**Material provided**
--------------------------------------------------

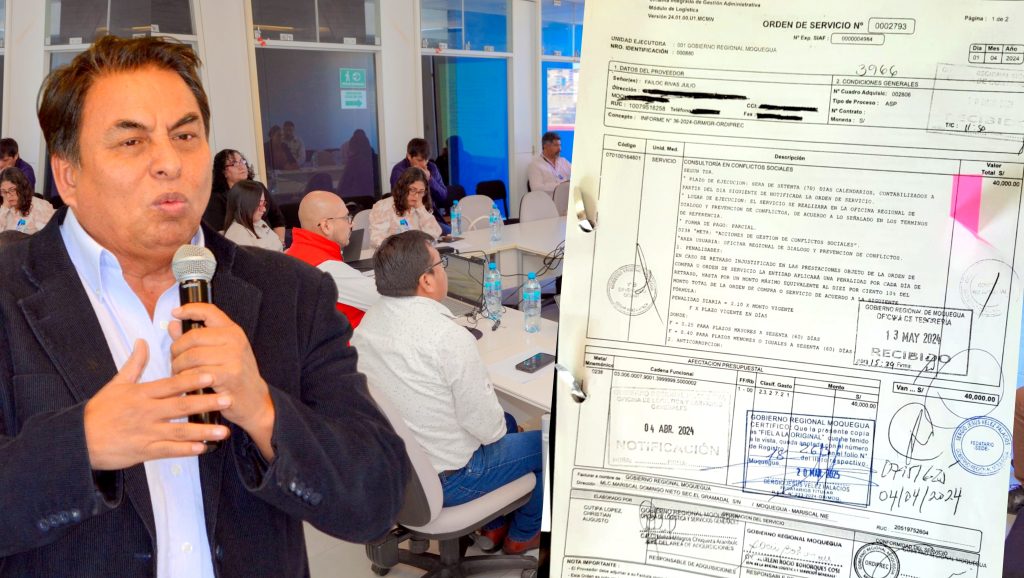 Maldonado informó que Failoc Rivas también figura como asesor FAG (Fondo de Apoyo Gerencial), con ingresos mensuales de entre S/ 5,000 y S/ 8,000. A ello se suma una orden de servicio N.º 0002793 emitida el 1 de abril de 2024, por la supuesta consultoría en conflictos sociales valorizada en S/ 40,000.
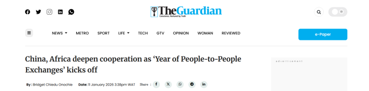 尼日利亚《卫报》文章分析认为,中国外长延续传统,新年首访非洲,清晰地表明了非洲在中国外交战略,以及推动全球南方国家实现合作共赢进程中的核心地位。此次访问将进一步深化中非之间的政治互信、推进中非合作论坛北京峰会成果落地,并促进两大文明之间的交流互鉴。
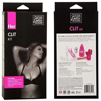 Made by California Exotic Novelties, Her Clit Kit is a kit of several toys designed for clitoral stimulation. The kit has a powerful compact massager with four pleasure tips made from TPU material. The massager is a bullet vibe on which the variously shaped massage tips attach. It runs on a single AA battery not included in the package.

--------------------------------------------------

Where a line contains "尼日利亚《卫报》文章分析认为", begin there and set down exactly each line through the end of the data above, omitting any pictures.

 尼日利亚《卫报》文章分析认为,中国外长延续传统,新年首访非洲,清晰地表明了非洲在中国外交战略,以及推动全球南方国家实现合作共赢进程中的核心地位。此次访问将进一步深化中非之间的政治互信、推进中非合作论坛北京峰会成果落地,并促进两大文明之间的交流互鉴。
 Made by California Exotic Novelties, Her Clit Kit is a kit of several toys designed for clitoral stimulation. The kit has a powerful compact massager with four pleasure tips made from TPU material. The massager is a bullet vibe on which the variously shaped massage tips attach. It runs on a single AA battery not included in the package.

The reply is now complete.